Return on equity or ROE is a key measure used to assess how efficiently a company's management is utilizing the company's capital. In short, ROE shows the profit each dollar generates with respect to its shareholder investments.

View our latest analysis for Woodside Energy Group

How To Calculate Return On Equity?

Return on equity can be calculated by using the formula:

Return on Equity = Net Profit (from continuing operations) ÷ Shareholders' Equity

So, based on the above formula, the ROE for Woodside Energy Group is:

5.4% = US$1.9b ÷ US$36b (Based on the trailing twelve months to June 2024).

The 'return' is the profit over the last twelve months. So, this means that for every A$1 of its shareholder's investments, the company generates a profit of A$0.05.

What Is The Relationship Between ROE And Earnings Growth?

Thus far, we have learned that ROE measures how efficiently a company is generating its profits. We now need to evaluate how much profit the company reinvests or "retains" for future growth which then gives us an idea about the growth potential of the company. Generally speaking, other things being equal, firms with a high return on equity and profit retention, have a higher growth rate than firms that don’t share these attributes.

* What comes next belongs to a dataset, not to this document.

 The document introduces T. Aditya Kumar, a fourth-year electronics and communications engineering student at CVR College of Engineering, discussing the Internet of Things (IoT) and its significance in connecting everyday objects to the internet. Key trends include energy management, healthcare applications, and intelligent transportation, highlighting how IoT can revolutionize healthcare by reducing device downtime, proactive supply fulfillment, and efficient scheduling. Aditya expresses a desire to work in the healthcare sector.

Woodside Energy Group's Earnings Growth And 5.4% ROE

On the face of it, Woodside Energy Group's ROE is not much to talk about. We then compared the company's ROE to the broader industry and were disappointed to see that the ROE is lower than the industry average of 15%. Despite this, surprisingly, Woodside Energy Group saw an exceptional 45% net income growth over the past five years. So, there might be other aspects that are positively influencing the company's earnings growth. For example, it is possible that the company's management has made some good strategic decisions, or that the company has a low payout ratio.

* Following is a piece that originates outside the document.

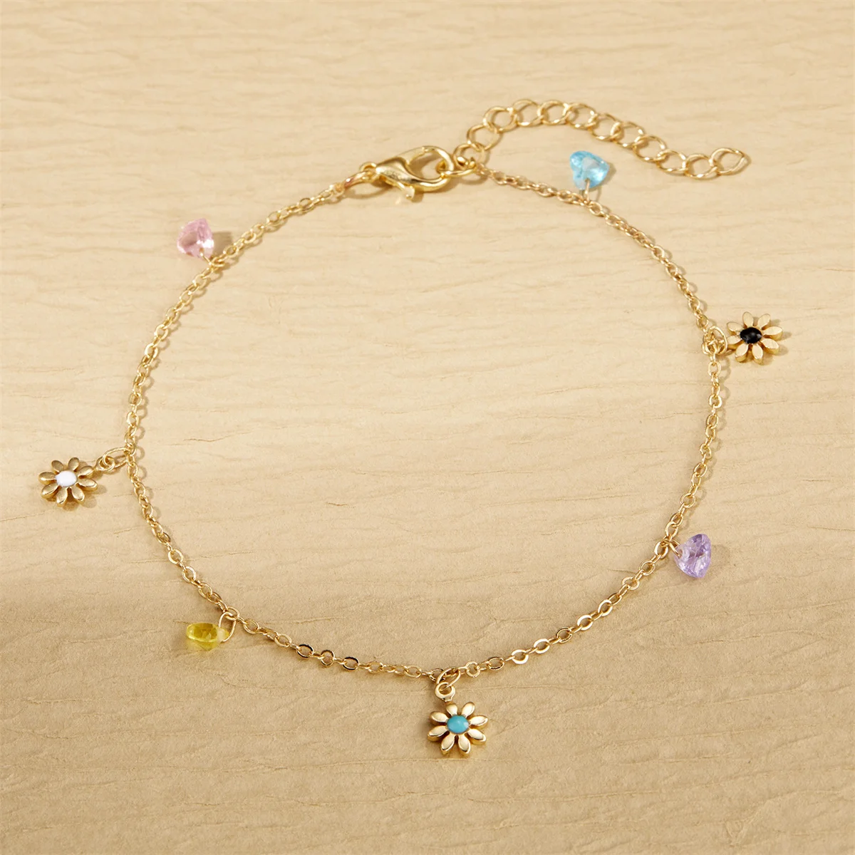 Cute Daisy Flower Crystal Heart Anklets For Women Handmade Boho Sunflower Foot Chain Floral Ankle Bracelet Summer Beach Jewelry

Next, on comparing with the industry net income growth, we found that Woodside Energy Group's growth is quite high when compared to the industry average growth of 36% in the same period, which is great to see.

past-earnings-growth
ASX:WDS Past Earnings Growth November 11th 2024

The basis for attaching value to a company is, to a great extent, tied to its earnings growth. The investor should try to establish if the expected growth or decline in earnings, whichever the case may be, is priced in. This then helps them determine if the stock is placed for a bright or bleak future. One good indicator of expected earnings growth is the P/E ratio which determines the price the market is willing to pay for a stock based on its earnings prospects. So, you may want to check if Woodside Energy Group is trading on a high P/E or a low P/E, relative to its industry.